→ Exercise details
Using the records below, copy exactly the part that opens with the line holding "居室設備:トイレ、洗面化粧台" and closes with the line holding "Install chillers, bar", minus the pictures.

→ Given entries
*** Begin section ***

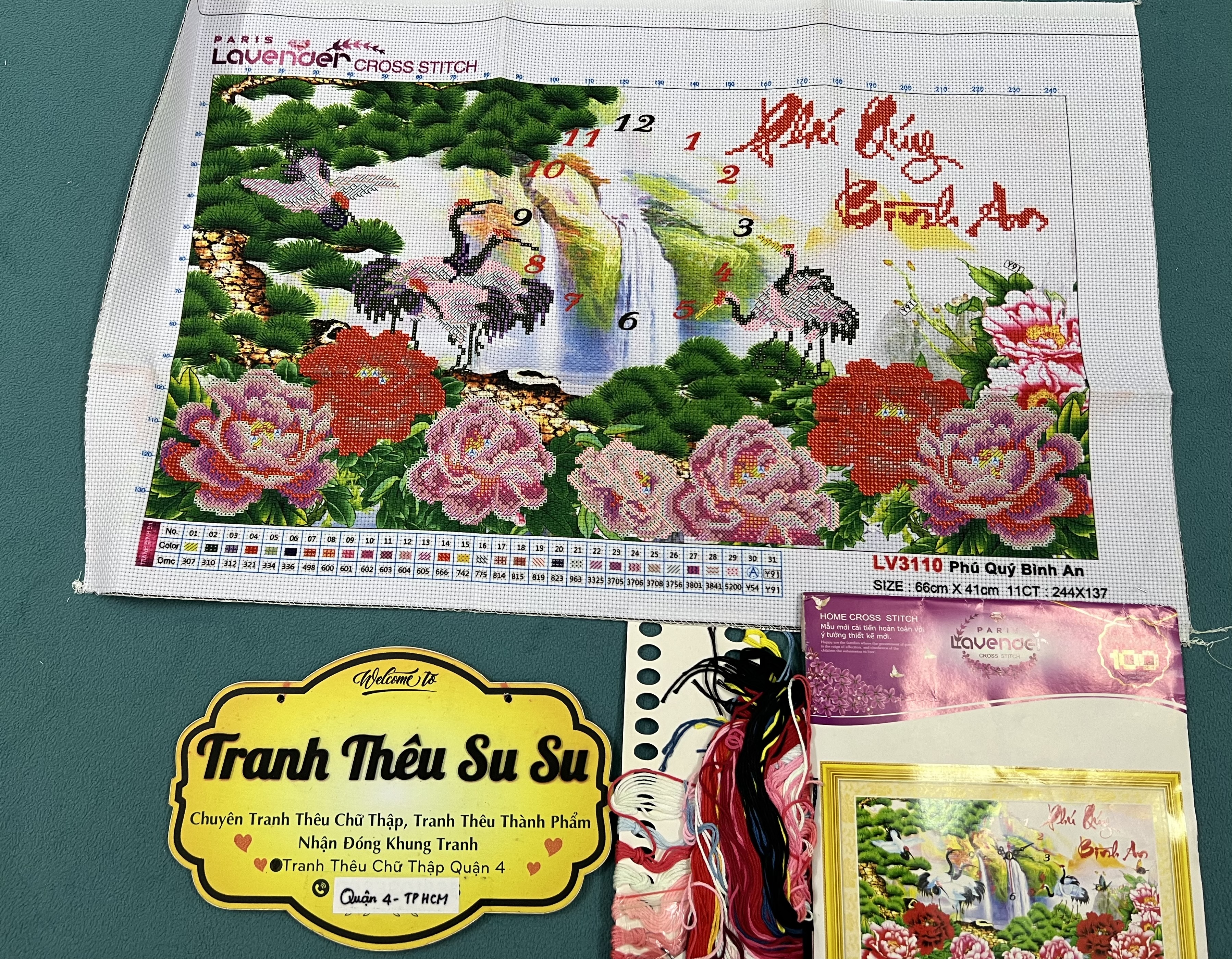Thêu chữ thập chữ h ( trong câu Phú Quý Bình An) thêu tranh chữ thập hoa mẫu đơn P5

*** End section ***
*** Begin section ***

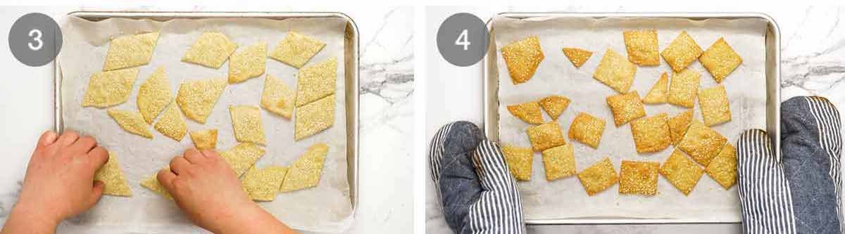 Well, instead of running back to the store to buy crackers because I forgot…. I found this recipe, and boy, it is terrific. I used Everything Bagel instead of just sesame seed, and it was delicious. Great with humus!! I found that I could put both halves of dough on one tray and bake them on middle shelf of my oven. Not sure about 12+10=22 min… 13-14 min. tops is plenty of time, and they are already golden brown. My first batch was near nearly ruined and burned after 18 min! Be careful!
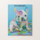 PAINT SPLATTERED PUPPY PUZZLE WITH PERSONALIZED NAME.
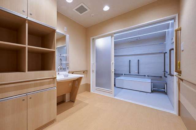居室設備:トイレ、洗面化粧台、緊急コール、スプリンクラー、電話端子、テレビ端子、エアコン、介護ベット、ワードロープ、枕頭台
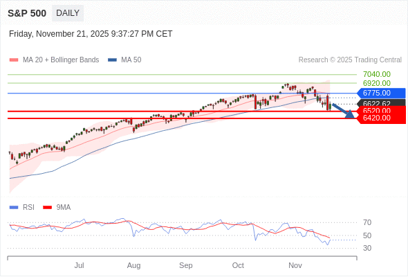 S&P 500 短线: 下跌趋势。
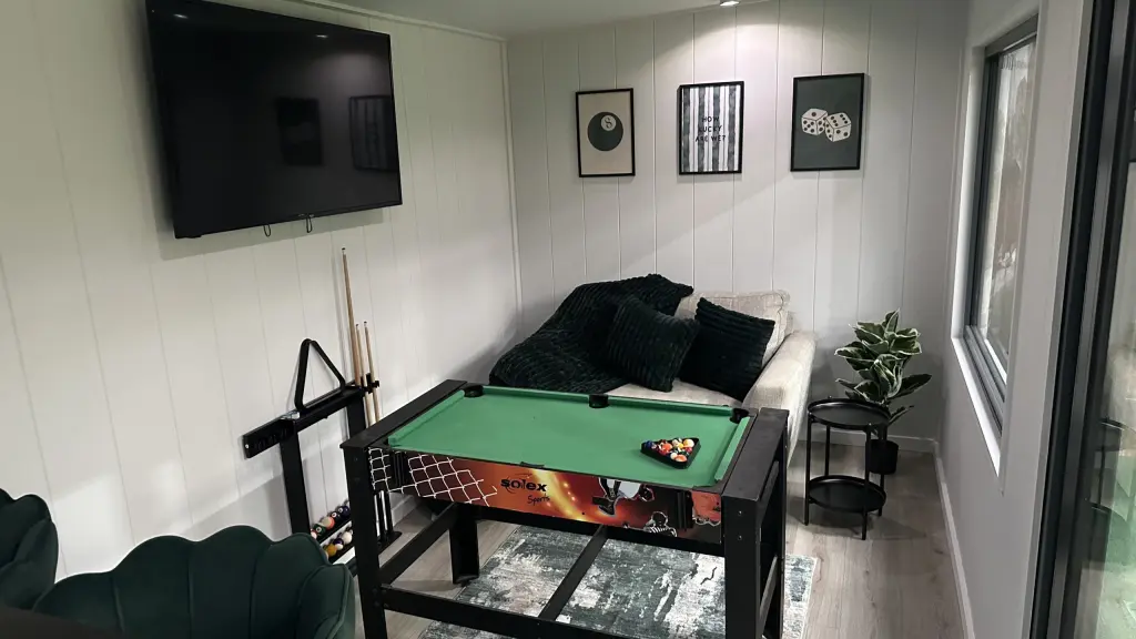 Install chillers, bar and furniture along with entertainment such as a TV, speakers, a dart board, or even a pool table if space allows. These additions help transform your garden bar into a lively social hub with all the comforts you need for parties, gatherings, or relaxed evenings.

*** End section ***
*** Begin section ***

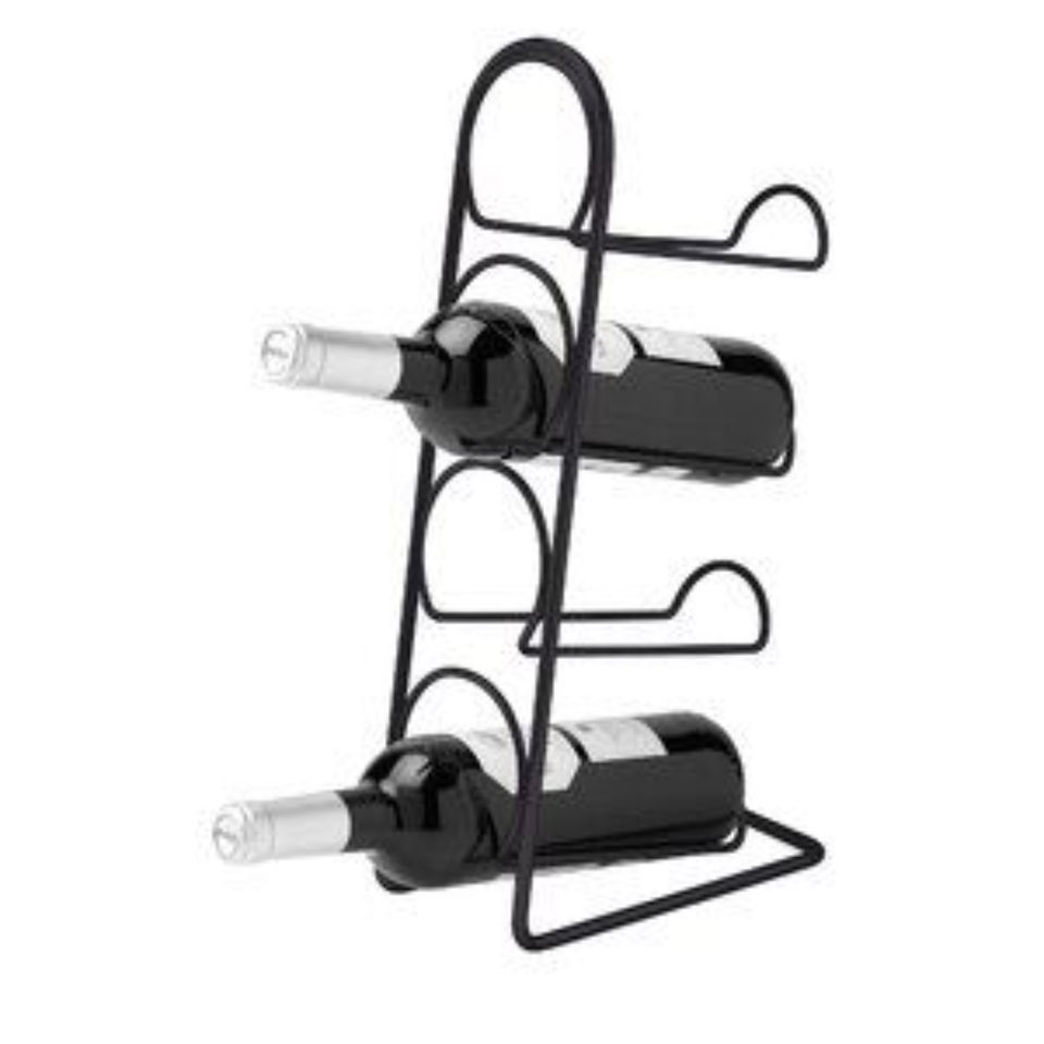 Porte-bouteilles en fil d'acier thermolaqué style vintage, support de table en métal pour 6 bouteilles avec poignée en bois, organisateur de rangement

*** End section ***

→ Solution to the exercise
居室設備:トイレ、洗面化粧台、緊急コール、スプリンクラー、電話端子、テレビ端子、エアコン、介護ベット、ワードロープ、枕頭台
 S&P 500 短线: 下跌趋势。
 Install chillers, bar and furniture along with entertainment such as a TV, speakers, a dart board, or even a pool table if space allows. These additions help transform your garden bar into a lively social hub with all the comforts you need for parties, gatherings, or relaxed evenings.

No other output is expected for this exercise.